Up to and including the line that holds "Crispy shrimp, creamy", print the data exactly from its first line; do not print the pictures.

╭─ PROVIDED RECORDS

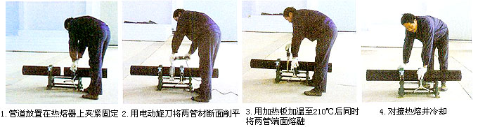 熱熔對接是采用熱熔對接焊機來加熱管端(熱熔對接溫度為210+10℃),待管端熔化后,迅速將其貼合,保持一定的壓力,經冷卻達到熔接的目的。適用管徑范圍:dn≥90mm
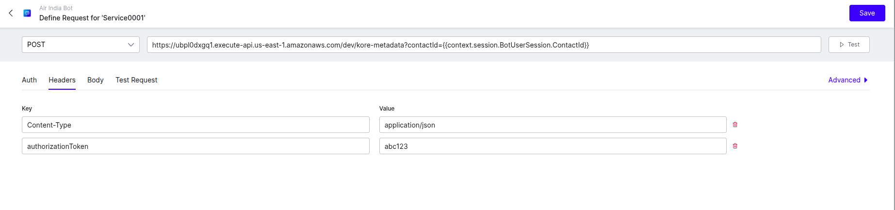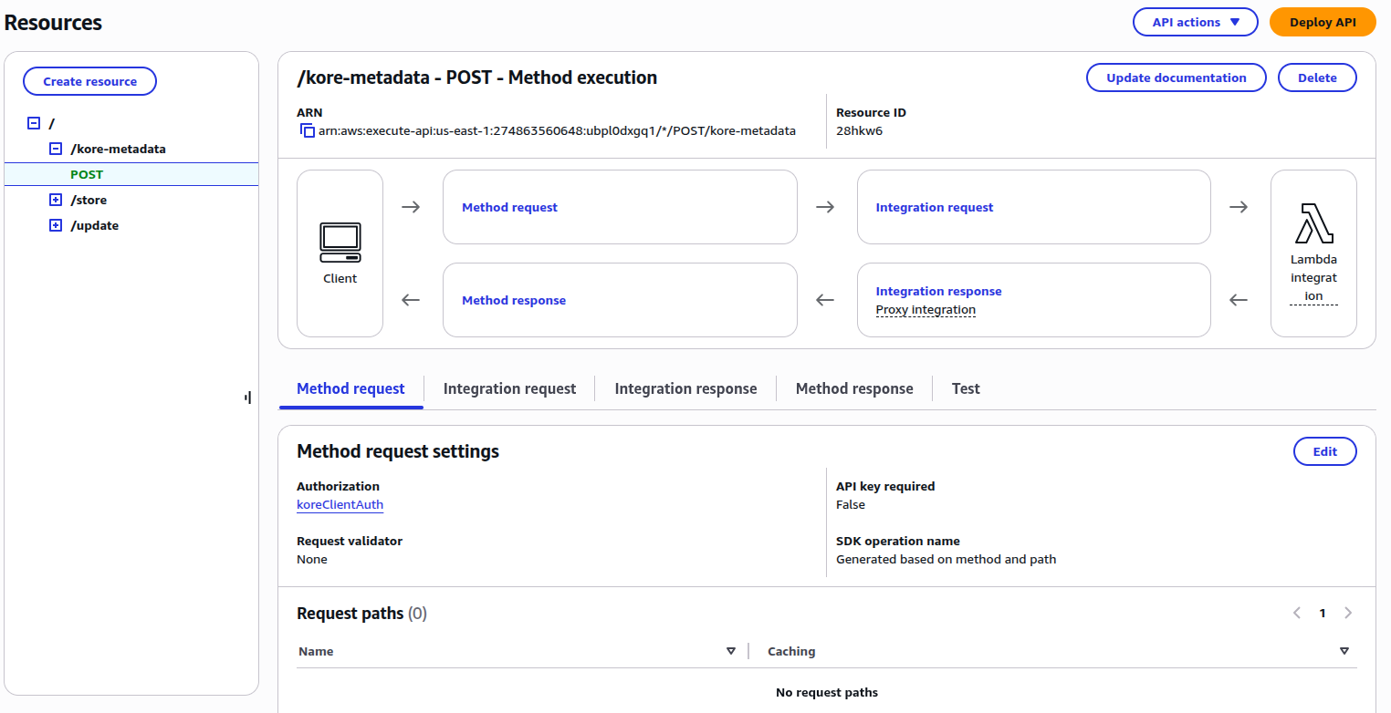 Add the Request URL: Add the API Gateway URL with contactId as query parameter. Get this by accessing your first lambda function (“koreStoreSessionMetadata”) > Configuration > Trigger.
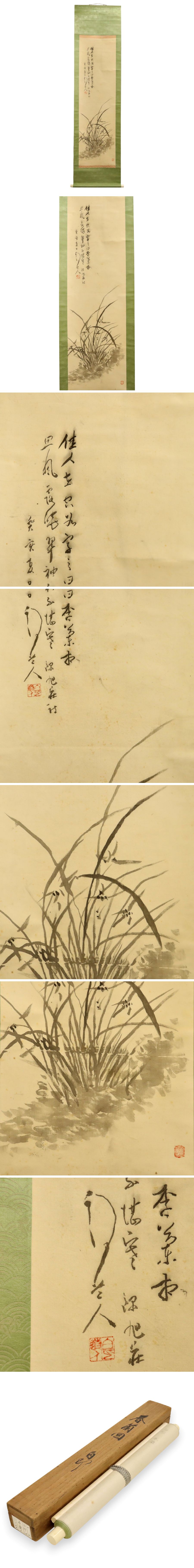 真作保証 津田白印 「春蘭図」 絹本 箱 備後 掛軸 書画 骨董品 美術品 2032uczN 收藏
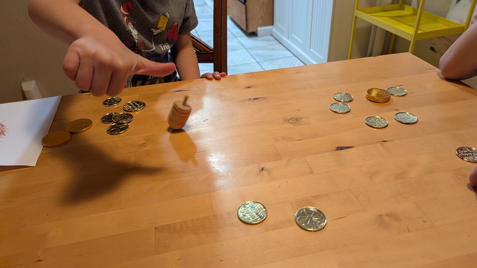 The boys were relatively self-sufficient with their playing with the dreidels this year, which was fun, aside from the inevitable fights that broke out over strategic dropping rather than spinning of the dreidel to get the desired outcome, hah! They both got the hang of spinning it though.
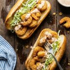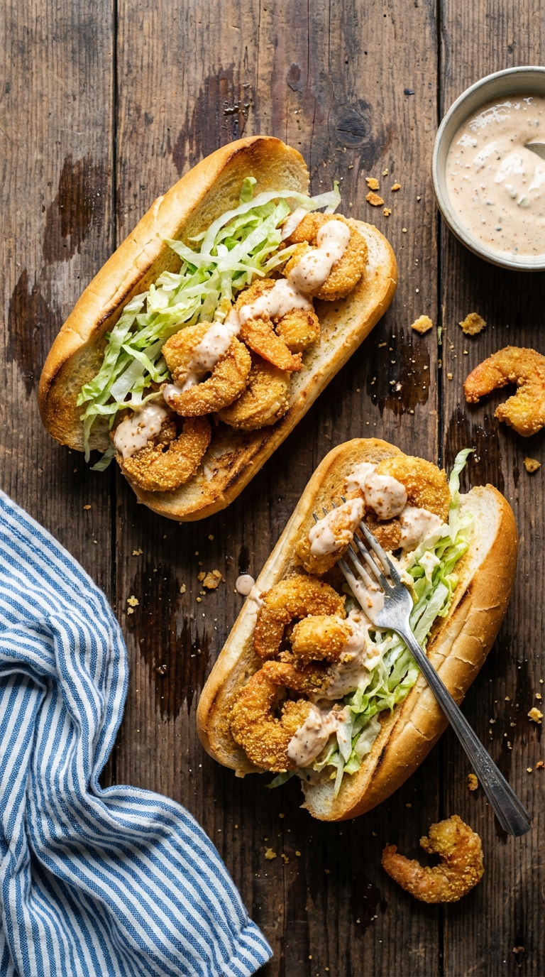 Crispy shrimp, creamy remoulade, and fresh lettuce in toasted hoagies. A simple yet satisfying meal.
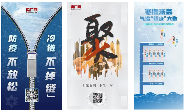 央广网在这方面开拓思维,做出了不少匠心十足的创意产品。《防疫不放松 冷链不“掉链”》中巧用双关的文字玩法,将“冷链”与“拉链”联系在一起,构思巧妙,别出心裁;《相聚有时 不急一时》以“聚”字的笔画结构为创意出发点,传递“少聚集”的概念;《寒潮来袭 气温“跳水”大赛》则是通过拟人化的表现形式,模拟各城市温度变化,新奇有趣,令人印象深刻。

╰─

YOUR RESPONSE:
 熱熔對接是采用熱熔對接焊機來加熱管端(熱熔對接溫度為210+10℃),待管端熔化后,迅速將其貼合,保持一定的壓力,經冷卻達到熔接的目的。適用管徑范圍:dn≥90mm
 Add the Request URL: Add the API Gateway URL with contactId as query parameter. Get this by accessing your first lambda function (“koreStoreSessionMetadata”) > Configuration > Trigger.
 真作保証 津田白印 「春蘭図」 絹本 箱 備後 掛軸 書画 骨董品 美術品 2032uczN 收藏
 The boys were relatively self-sufficient with their playing with the dreidels this year, which was fun, aside from the inevitable fights that broke out over strategic dropping rather than spinning of the dreidel to get the desired outcome, hah! They both got the hang of spinning it though.
 Crispy shrimp, creamy remoulade, and fresh lettuce in toasted hoagies. A simple yet satisfying meal.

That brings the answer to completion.